Postby Steve Anderson » Sun Sep 12, 2021 12:39 pm

acl wrote:...I did invest 7 GBP including postage and packing from China for a NTSC to PAL converter as shown below but it didn't seem to work with a monochrome signal.

Ah! You may have been caught out as I was some 25 years ago. I bought something similar in HK. It (probably) is a PAL-NTSC convertor (and vice-versa), but that's all. It decodes PAL into YUV (Y, Pb, Pr) and then re-encodes it to NTSC. It does nothing to the number of lines, frame rate and so on.
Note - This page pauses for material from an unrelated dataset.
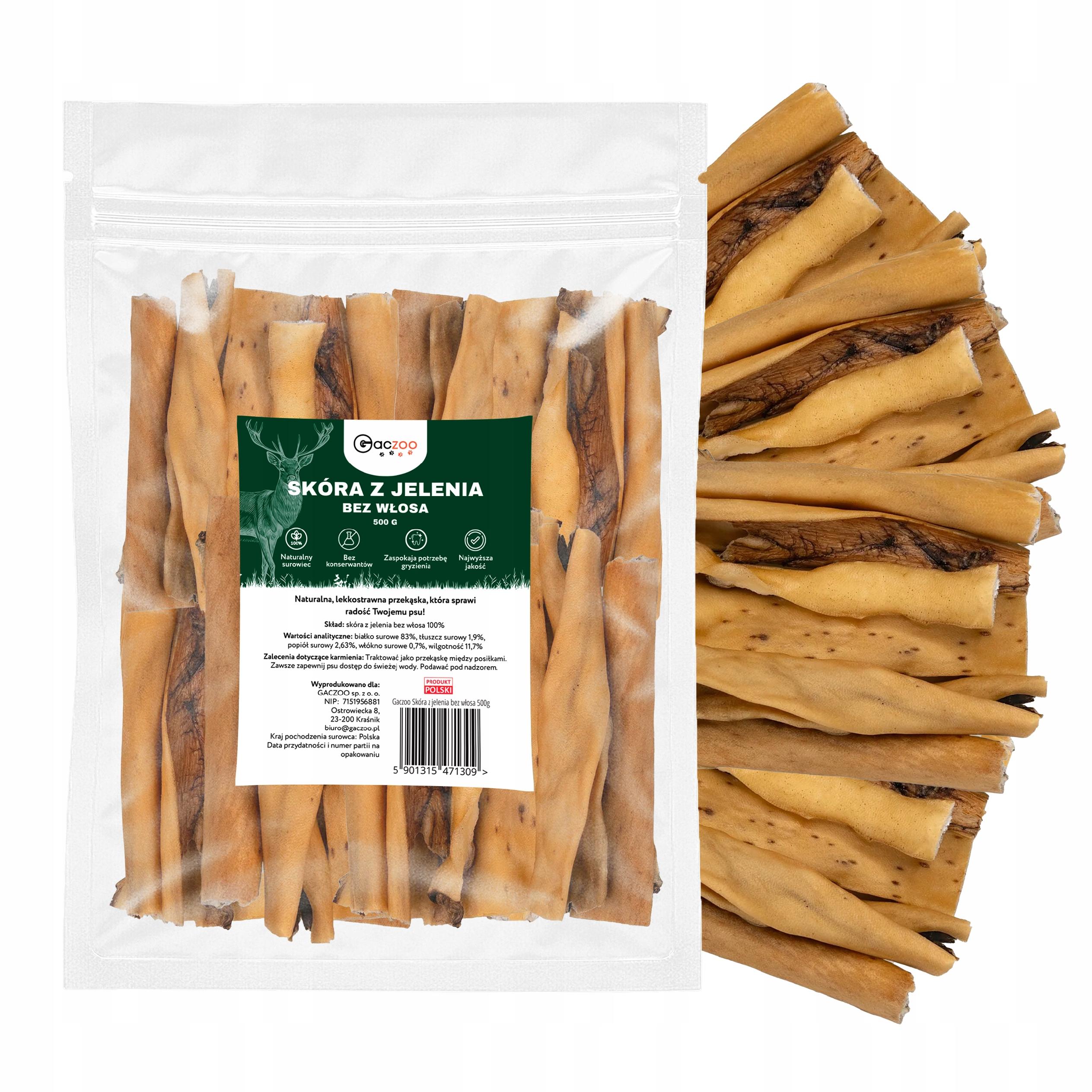 Przysmak dla psa Skóra z jelenia bez włosa 500g GACZOO naturalny gryzak

A monochrome signal (or the Y) passes through (largely) unchanged.

It's a colour format convertor, or a colour system convertor, it is not a standards convertor. A standards convertor does it all, not just NTSC-PAL but at the same time 525-625 (or the opposite). Hence that's why they call it a 'system convertor', hoodwinking using semantics. They are technically correct, that's how they get away with it.

And at seven quid, no surprise. The line conversion (all three signals, YUV) requires a lot of RAM and fast signal processing, signal and line interpolation, adding lines or deleting them, all that costs money, lots of it.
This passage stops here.